### Data section

···

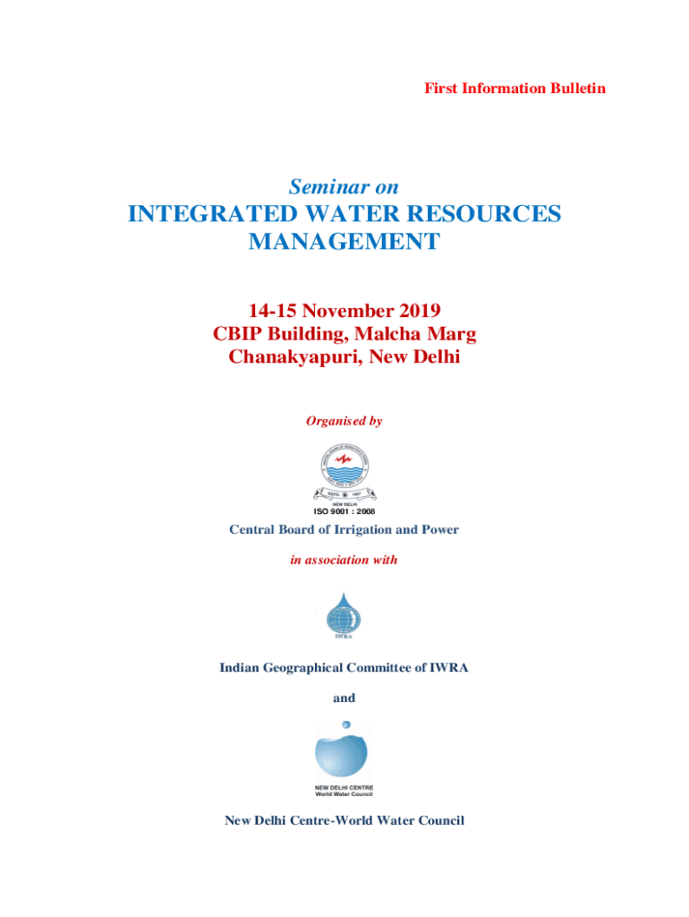 First Information BulletinSeminar integrated WATER RESOURCES MANAGEMENT 1415 November 2019 CBIP Building, Match Mary Chanakyapuri, New Delhi Organized by ISO 9001 : 2008Central Board of Irrigation
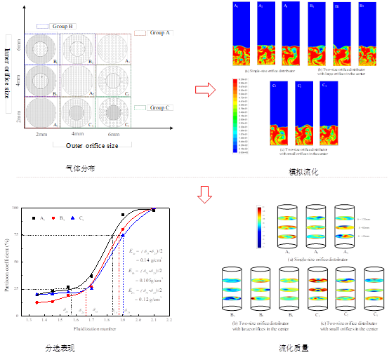 (3)明确基于二孔径布风的煤炭干选强化机制。布风板是气固分选流化床中的重要部件,直接决定了床层的布风方式。本文通过数值模拟和试验分析相结合的方式研究了二孔径布风板对流化床层的流化质量和分选表现的影响,结果如下:当布风板孔径较大(即6mm)时,床层易出现沟流现象,同时随着布风板孔径的降低,床层的压降,孔隙率以及床层密度稳定性将随之提高,而由于中心大孔对气流的重新分配导致边壁效应降低,二孔径布风板(内孔径为4mm和外孔径为2mm)将进一步提高床层的稳定(其波动方差低至径向密度的0.071 g/cm3和轴向密度的0.06 g/cm3),促进煤炭颗粒在床层的密度离析过程(灰分离析度Sash=21.62%)。最终煤炭颗粒在拥有此二孔径布风板的流化床中进行分选,精煤产品的产率为54.83%,灰分为20.96%;矸石产率为45.17%,灰分为30.77%,可能性偏差低至0.105 g/cm3,说明此条件下流化床层能达到最佳的分选效果。
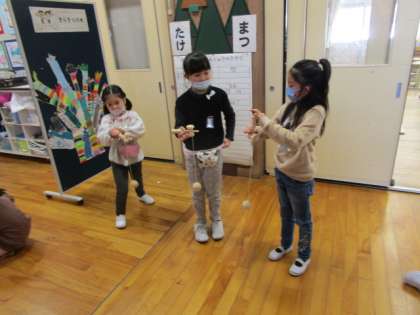 1年生松組 生活科むかしのあそび 公開日 2022/02/02 更新日 2022/02/02 1年生 今日は、「こま」「ヨーヨー」「けん玉」「だるま落とし」「お手玉」の中から、上手になりたいものを1つ選んで練習しました。 「初めてできた」「何回もできるようになった」など、上達して喜ぶ姿が徐々に見られるようになってきました。
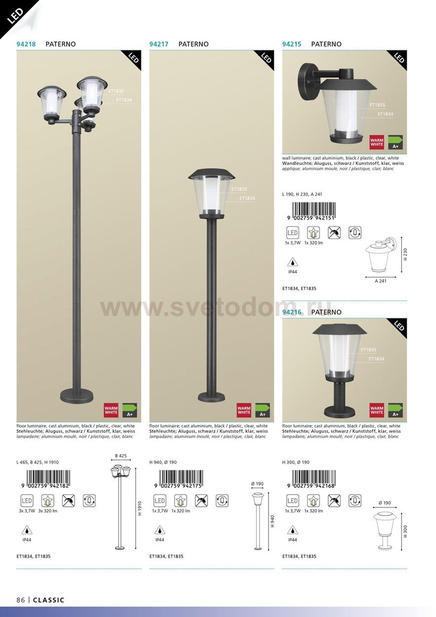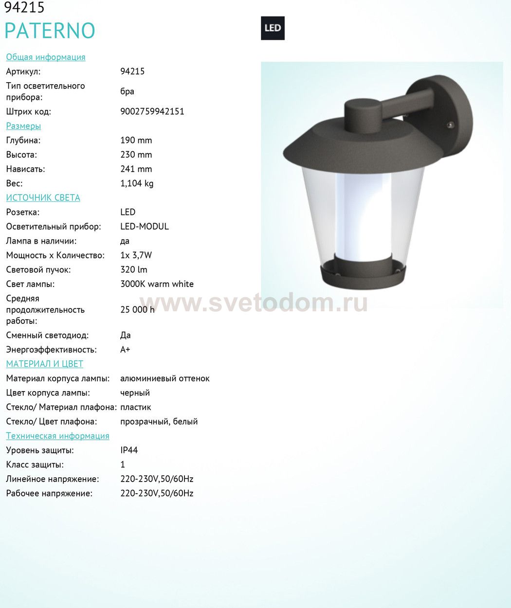 Обеспечение качественного уличного освещения – важная задача для владельцев коттеджей. Компания «Светодом» предлагает современные светильники, которые порадуют Вас отличным исполнением. В нашем каталоге представлена продукция известных производителей, пользующихся популярностью благодаря высокому качеству выпускаемых товаров. Уличный светильник Eglo PATERнет 94215 уличный не просто обеспечит качественное освещение, но и станет украшением Вашего участка. Модель выполнена из современных материалов и имеет влагозащитный корпус, благодаря которому ей не страшны осадки. Купить уличный светильник Eglo PATERнет 94215 уличный, представленный в нашем каталоге, можно с помощью онлайн-формы для заказа. Чтобы задать имеющиеся вопросы, звоните нам по указанным телефонам.

···

### Work instruction
Look at the listing and set down only the lines from its start through the line with "1年生松組 生活科むかしのあそび 公開日", word for word and without pictures.

### Reply to the task
 First Information BulletinSeminar integrated WATER RESOURCES MANAGEMENT 1415 November 2019 CBIP Building, Match Mary Chanakyapuri, New Delhi Organized by ISO 9001 : 2008Central Board of Irrigation
 (3)明确基于二孔径布风的煤炭干选强化机制。布风板是气固分选流化床中的重要部件,直接决定了床层的布风方式。本文通过数值模拟和试验分析相结合的方式研究了二孔径布风板对流化床层的流化质量和分选表现的影响,结果如下:当布风板孔径较大(即6mm)时,床层易出现沟流现象,同时随着布风板孔径的降低,床层的压降,孔隙率以及床层密度稳定性将随之提高,而由于中心大孔对气流的重新分配导致边壁效应降低,二孔径布风板(内孔径为4mm和外孔径为2mm)将进一步提高床层的稳定(其波动方差低至径向密度的0.071 g/cm3和轴向密度的0.06 g/cm3),促进煤炭颗粒在床层的密度离析过程(灰分离析度Sash=21.62%)。最终煤炭颗粒在拥有此二孔径布风板的流化床中进行分选,精煤产品的产率为54.83%,灰分为20.96%;矸石产率为45.17%,灰分为30.77%,可能性偏差低至0.105 g/cm3,说明此条件下流化床层能达到最佳的分选效果。
 1年生松組 生活科むかしのあそび 公開日 2022/02/02 更新日 2022/02/02 1年生 今日は、「こま」「ヨーヨー」「けん玉」「だるま落とし」「お手玉」の中から、上手になりたいものを1つ選んで練習しました。 「初めてできた」「何回もできるようになった」など、上達して喜ぶ姿が徐々に見られるようになってきました。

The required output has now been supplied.